STORED DATA:
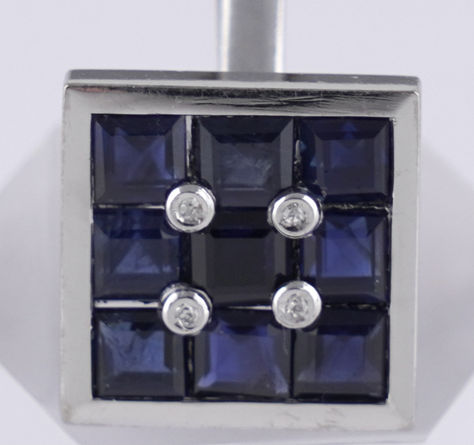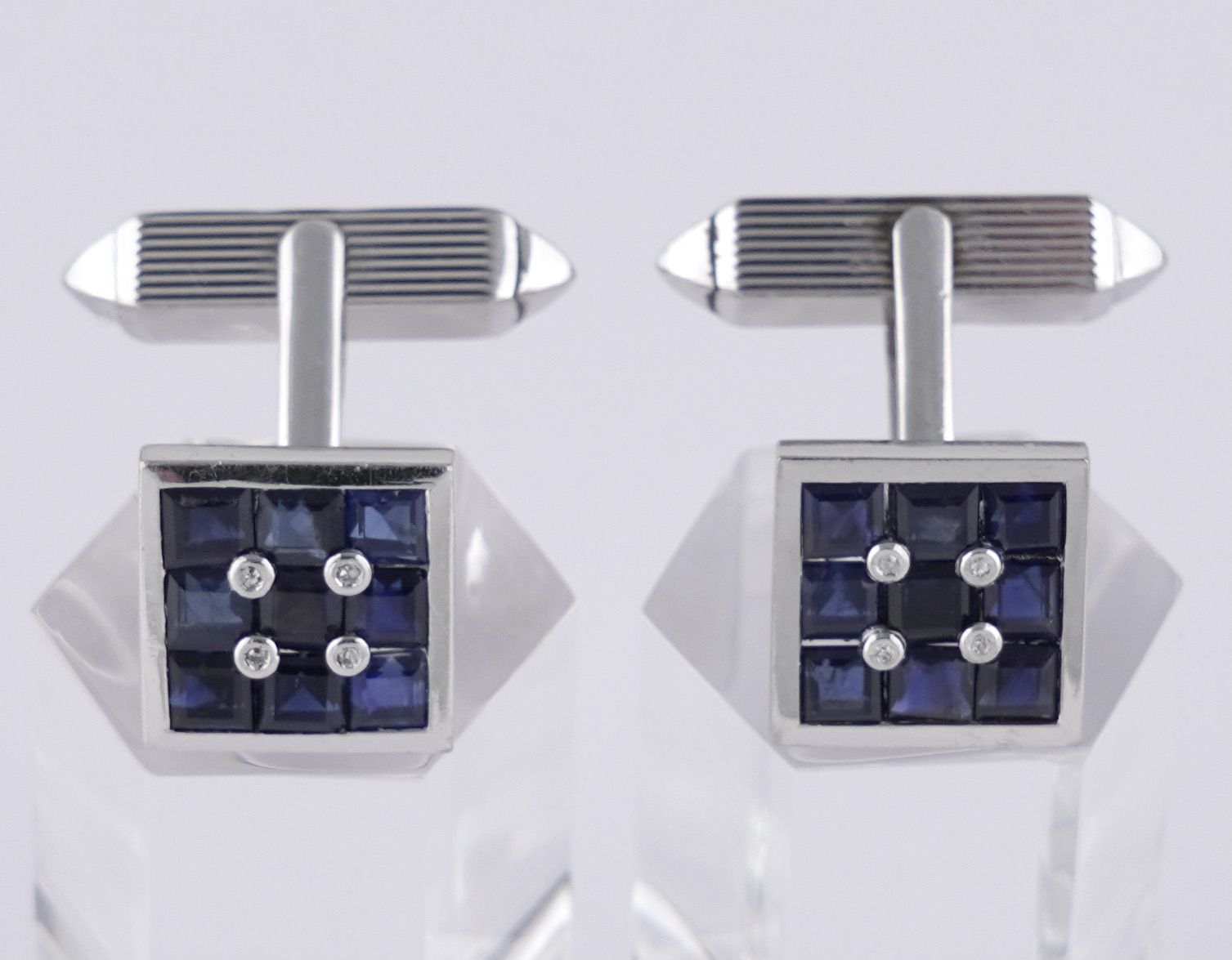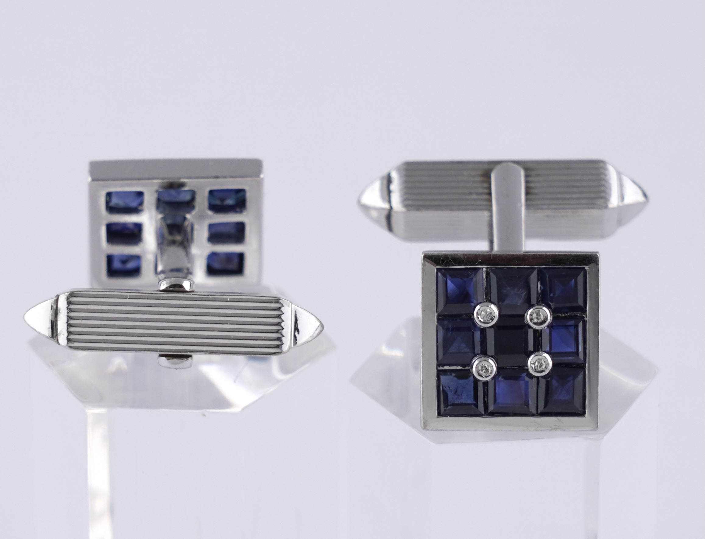 Ein Paar elegante quadratische Manschettenknöpfe gearbeitet in 18 Karat (750/1000) Weißgold. Ausgefasst mit 18 Saphir-Carrés, Pavé gefasst, von zusammen ca. 3,6 ct. und 8 Diamanten.
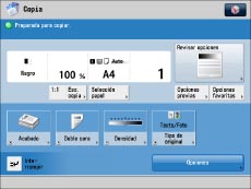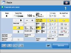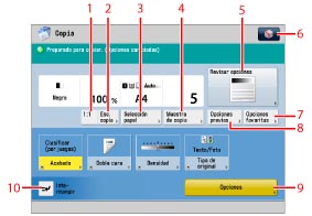 Puede llevar a cabo las mismas operaciones en la pantalla de funciones básicas de copia normal y en la pantalla de funciones básicas de copia rápida. Establezca la pantalla que se va a mostrar desde la pantalla Configuración. (Consulte "Cambiar la pantalla de funciones básicas de copia".)
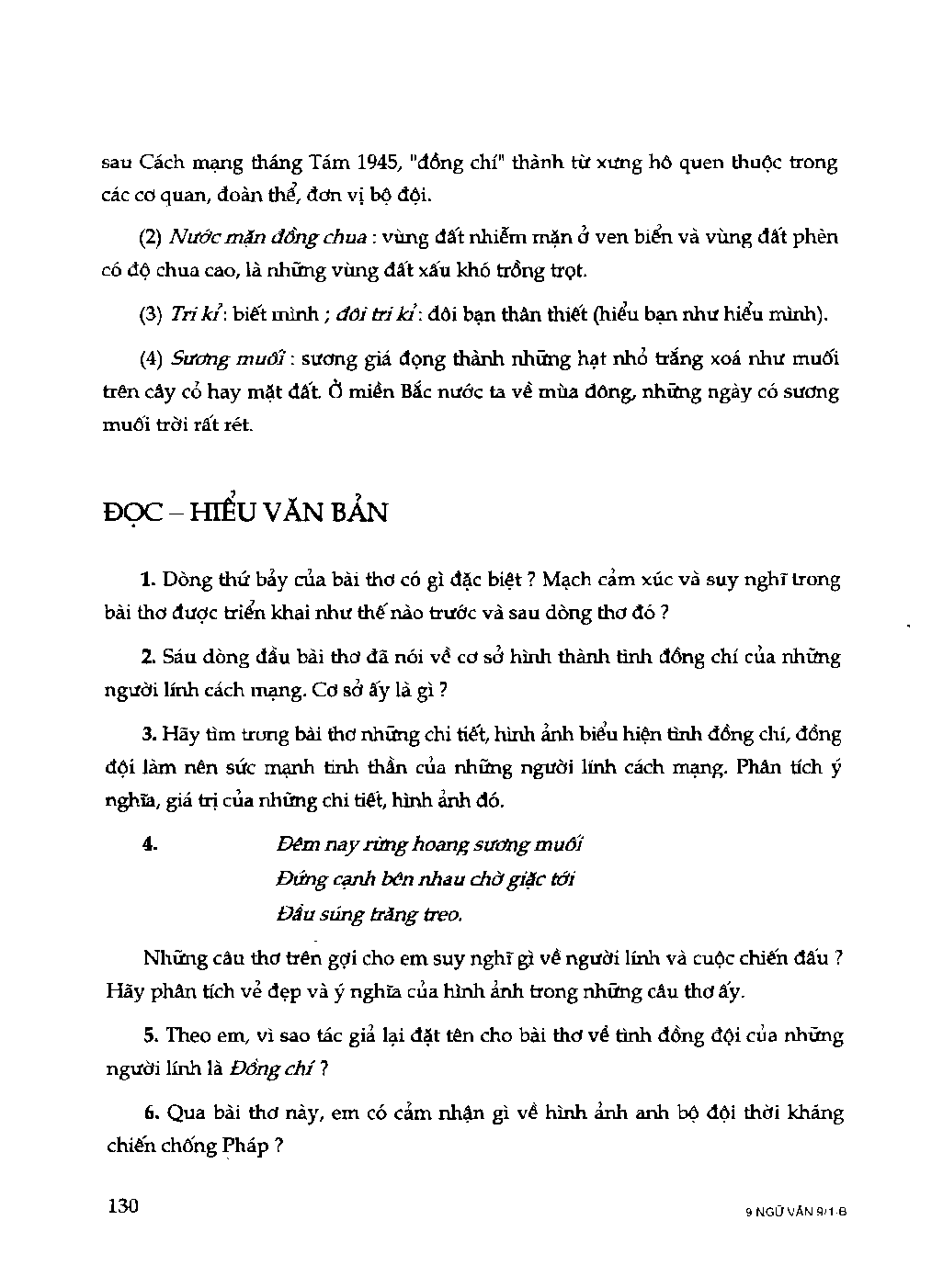 Sách Giáo Khoa Ngữ Văn Lớp 9 Tập 1 – Bài 10. Đồng chí
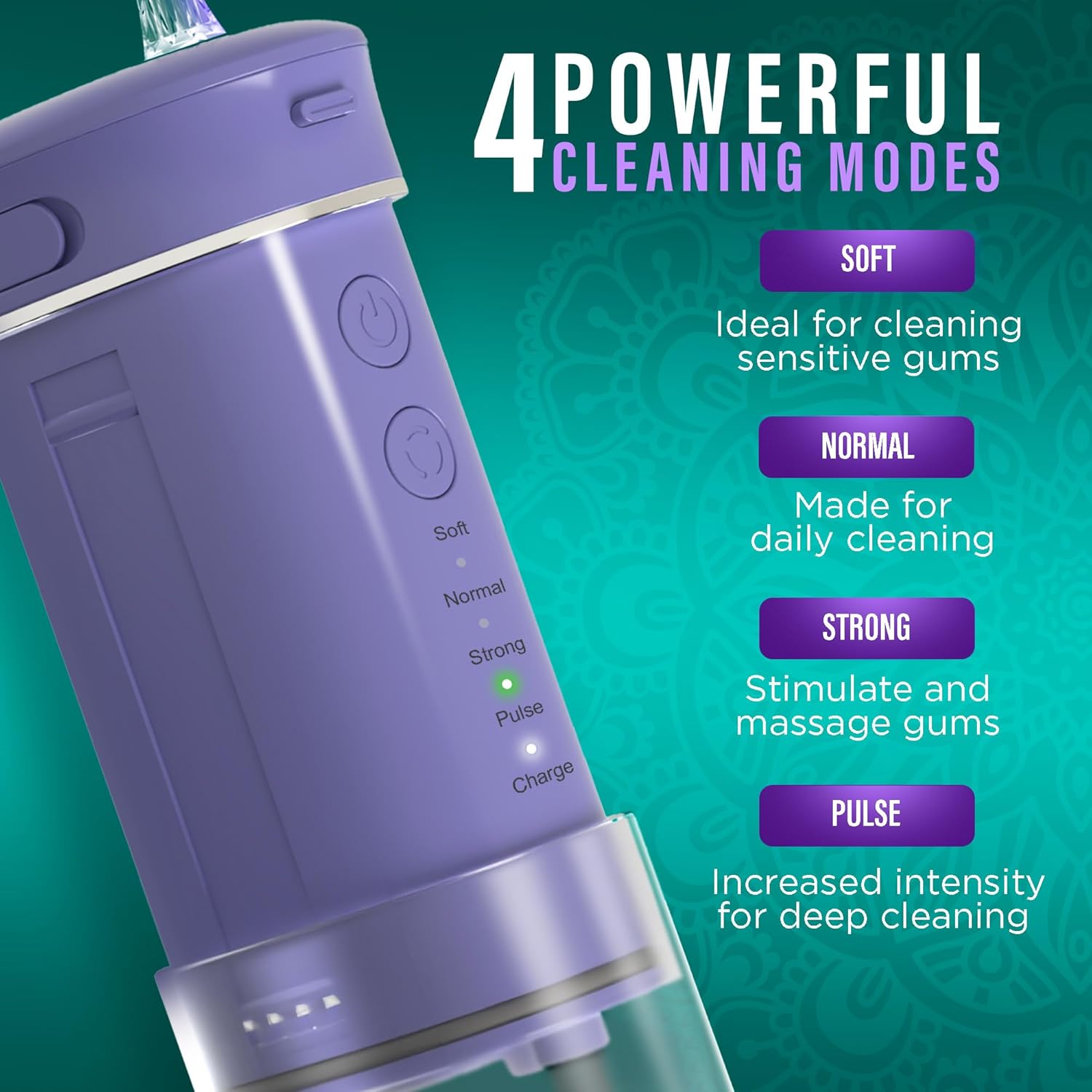 - DEEPER CLEANING: Featuring a high-pressure water pulse up to 1800 pulses/min, it effectively removes plaque and debris. Our portable water flosser offers 4 cleaning modes, expertly crafted for a thorough and adaptable cleaning experience.

REQUIRED WORK:
Leaving all pictures out, output exactly the lines of the material above from the line with "Puede llevar a" to the line with "Sách Giáo Khoa", both included.

TASK RESULT:
 Puede llevar a cabo las mismas operaciones en la pantalla de funciones básicas de copia normal y en la pantalla de funciones básicas de copia rápida. Establezca la pantalla que se va a mostrar desde la pantalla Configuración. (Consulte "Cambiar la pantalla de funciones básicas de copia".)
 Sách Giáo Khoa Ngữ Văn Lớp 9 Tập 1 – Bài 10. Đồng chí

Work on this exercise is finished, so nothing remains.